[PROVIDED DATA]:
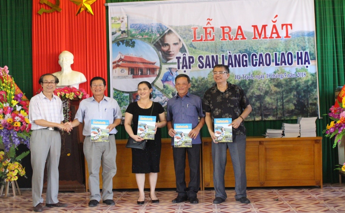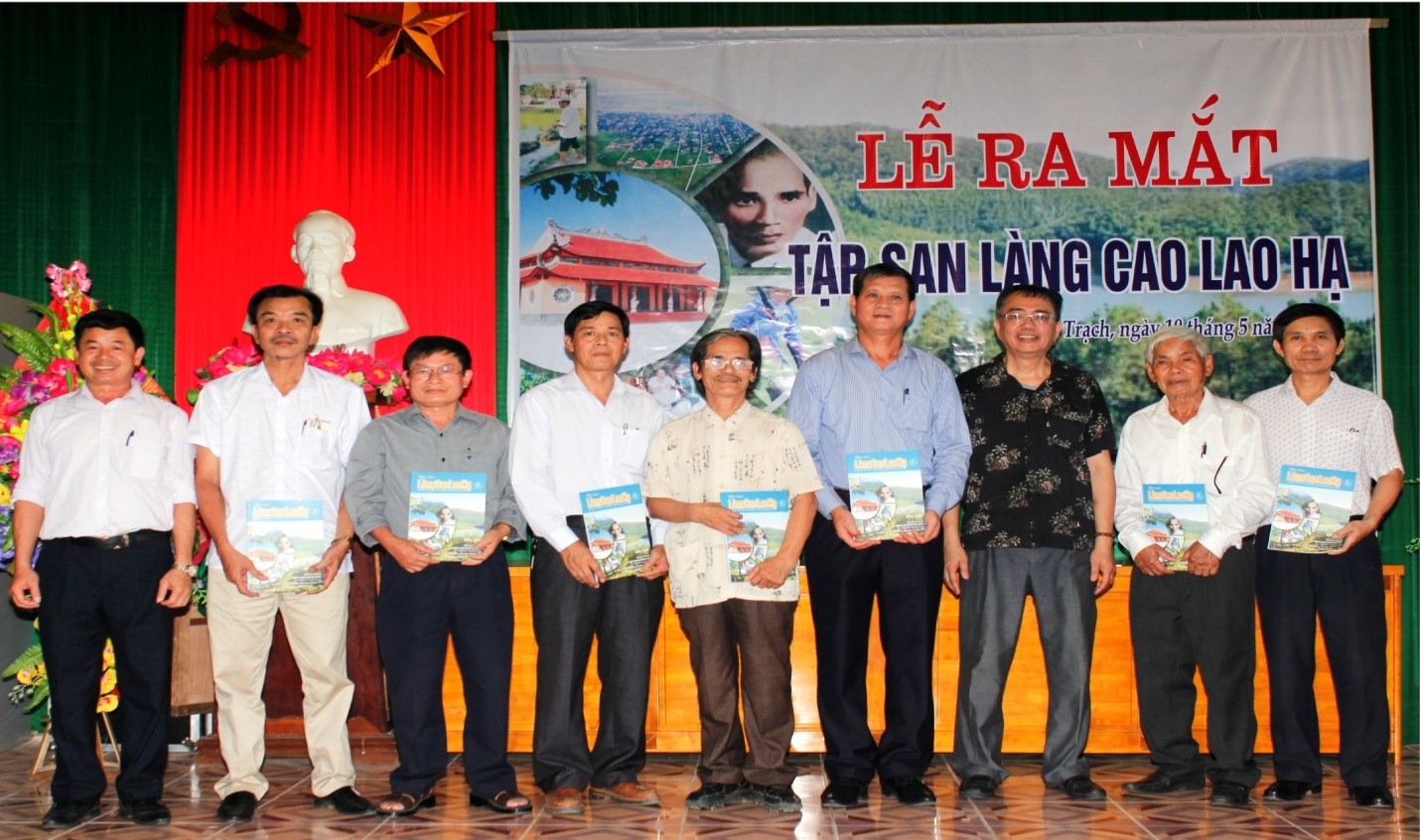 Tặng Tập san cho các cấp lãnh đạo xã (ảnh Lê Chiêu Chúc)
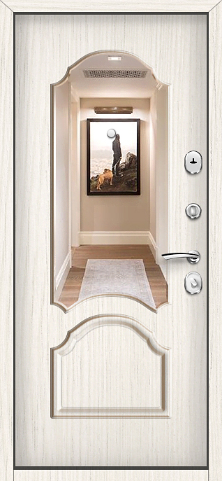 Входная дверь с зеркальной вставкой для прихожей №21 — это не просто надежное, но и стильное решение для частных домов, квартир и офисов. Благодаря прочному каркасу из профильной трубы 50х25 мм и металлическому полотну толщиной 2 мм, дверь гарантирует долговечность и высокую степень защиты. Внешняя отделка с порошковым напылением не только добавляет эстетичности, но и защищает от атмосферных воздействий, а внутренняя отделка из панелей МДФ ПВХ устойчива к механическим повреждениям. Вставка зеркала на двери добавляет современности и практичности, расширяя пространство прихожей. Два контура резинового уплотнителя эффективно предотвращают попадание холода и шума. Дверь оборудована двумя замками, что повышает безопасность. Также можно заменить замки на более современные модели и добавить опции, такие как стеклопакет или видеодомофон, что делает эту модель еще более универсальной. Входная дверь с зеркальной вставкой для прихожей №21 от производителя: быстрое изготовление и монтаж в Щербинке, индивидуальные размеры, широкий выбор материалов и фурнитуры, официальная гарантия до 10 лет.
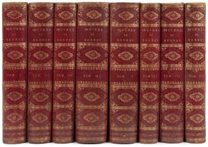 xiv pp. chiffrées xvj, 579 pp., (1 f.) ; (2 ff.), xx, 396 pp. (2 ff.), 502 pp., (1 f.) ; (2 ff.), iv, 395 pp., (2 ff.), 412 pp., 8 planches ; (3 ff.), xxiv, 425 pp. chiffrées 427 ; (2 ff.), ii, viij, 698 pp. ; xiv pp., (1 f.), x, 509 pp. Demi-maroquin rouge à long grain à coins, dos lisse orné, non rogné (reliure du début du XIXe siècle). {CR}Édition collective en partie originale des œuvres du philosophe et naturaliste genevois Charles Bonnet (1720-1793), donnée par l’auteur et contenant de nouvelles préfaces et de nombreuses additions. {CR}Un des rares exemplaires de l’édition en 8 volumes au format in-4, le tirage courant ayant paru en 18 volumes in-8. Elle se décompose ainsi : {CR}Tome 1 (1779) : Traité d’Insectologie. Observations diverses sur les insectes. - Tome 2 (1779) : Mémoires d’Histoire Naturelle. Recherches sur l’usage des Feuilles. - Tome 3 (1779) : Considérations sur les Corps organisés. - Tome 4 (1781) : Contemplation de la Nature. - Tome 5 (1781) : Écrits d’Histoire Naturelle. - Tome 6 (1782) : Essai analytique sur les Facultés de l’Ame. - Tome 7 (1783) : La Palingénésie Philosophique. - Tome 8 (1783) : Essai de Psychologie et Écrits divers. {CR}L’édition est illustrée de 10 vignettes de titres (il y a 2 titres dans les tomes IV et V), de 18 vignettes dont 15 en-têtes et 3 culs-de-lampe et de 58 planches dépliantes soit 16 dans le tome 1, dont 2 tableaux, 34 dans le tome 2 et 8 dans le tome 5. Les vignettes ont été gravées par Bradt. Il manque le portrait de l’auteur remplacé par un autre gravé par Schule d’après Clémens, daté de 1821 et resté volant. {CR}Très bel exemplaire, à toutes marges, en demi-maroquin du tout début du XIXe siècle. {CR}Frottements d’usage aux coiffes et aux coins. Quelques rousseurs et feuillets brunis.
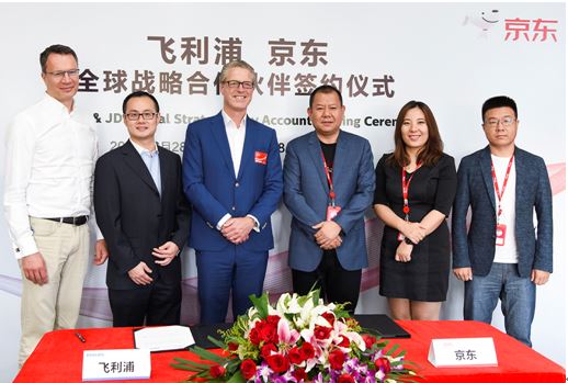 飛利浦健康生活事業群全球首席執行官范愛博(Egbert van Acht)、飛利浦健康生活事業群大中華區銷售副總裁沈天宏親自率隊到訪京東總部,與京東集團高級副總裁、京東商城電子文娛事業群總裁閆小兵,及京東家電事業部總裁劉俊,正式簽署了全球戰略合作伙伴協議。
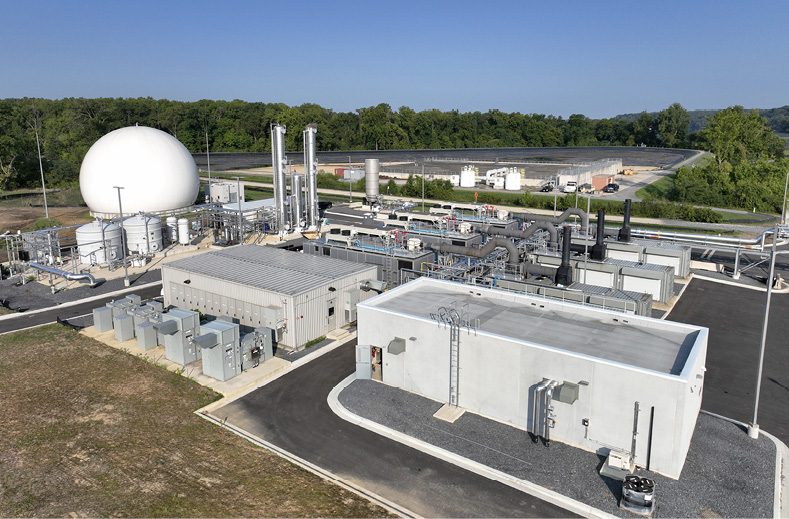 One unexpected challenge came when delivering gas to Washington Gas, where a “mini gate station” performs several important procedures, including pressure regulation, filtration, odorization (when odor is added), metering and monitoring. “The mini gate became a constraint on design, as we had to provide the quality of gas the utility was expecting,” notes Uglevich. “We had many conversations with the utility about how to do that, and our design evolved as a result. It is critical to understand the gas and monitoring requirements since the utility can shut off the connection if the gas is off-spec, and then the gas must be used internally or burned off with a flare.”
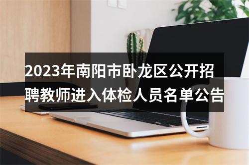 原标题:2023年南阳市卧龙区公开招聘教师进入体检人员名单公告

[ACTION ITEM]: Transcribe nothing but the lines from the one containing "One unexpected challenge" through the final line of the records, exactly as written and without pictures.

[RESULT FOR THIS TASK]:
 One unexpected challenge came when delivering gas to Washington Gas, where a “mini gate station” performs several important procedures, including pressure regulation, filtration, odorization (when odor is added), metering and monitoring. “The mini gate became a constraint on design, as we had to provide the quality of gas the utility was expecting,” notes Uglevich. “We had many conversations with the utility about how to do that, and our design evolved as a result. It is critical to understand the gas and monitoring requirements since the utility can shut off the connection if the gas is off-spec, and then the gas must be used internally or burned off with a flare.”
 原标题:2023年南阳市卧龙区公开招聘教师进入体检人员名单公告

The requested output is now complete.